The slave walls still stand at Plantation Succour. The soil still waits. Our ancestors’ hands built these walls. Their sweat fed the land. Their prayers rose from this earth.
They couldn’t choose. We can.
They were enslaved. We are free.
They were silenced. We can speak.
Every seed we plant is an answer to their prayers.
Every young person who farms is a chain broken.
Every meal we grow ourselves is freedom tasted.
On December 19,2022 and July 1, 2023, the Netherlands apologized. We heard you.
Now we’re asking: Will you help us heal?
Will you fund the research that transforms minds?
Will you support the project that feeds bodies?
Will you invest in the healing that breaks chains?
The apology was just words. This is the work.
Roots Revival isn’t just a project. It’s a movement. It’s healing. It’s survival. It’s freedom.
The land is waiting. Our ancestors are watching. The future is ours to grow.
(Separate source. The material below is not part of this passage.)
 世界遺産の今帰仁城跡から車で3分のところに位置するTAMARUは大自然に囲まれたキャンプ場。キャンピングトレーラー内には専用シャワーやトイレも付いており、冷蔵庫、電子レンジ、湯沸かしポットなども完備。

Will you help us plant it?
Cee Marlin is the founder of Stichting Marlin Yard and the visionary behind the Roots Revival Project at Plantation Succour, Sint Maarten. As a descendant of Victoria Madelaine Marlin and a leader in sustainable development and heritage preservation, Cee is dedicated to transforming colonial trauma into community empowerment through agriculture, education, and psychological healing.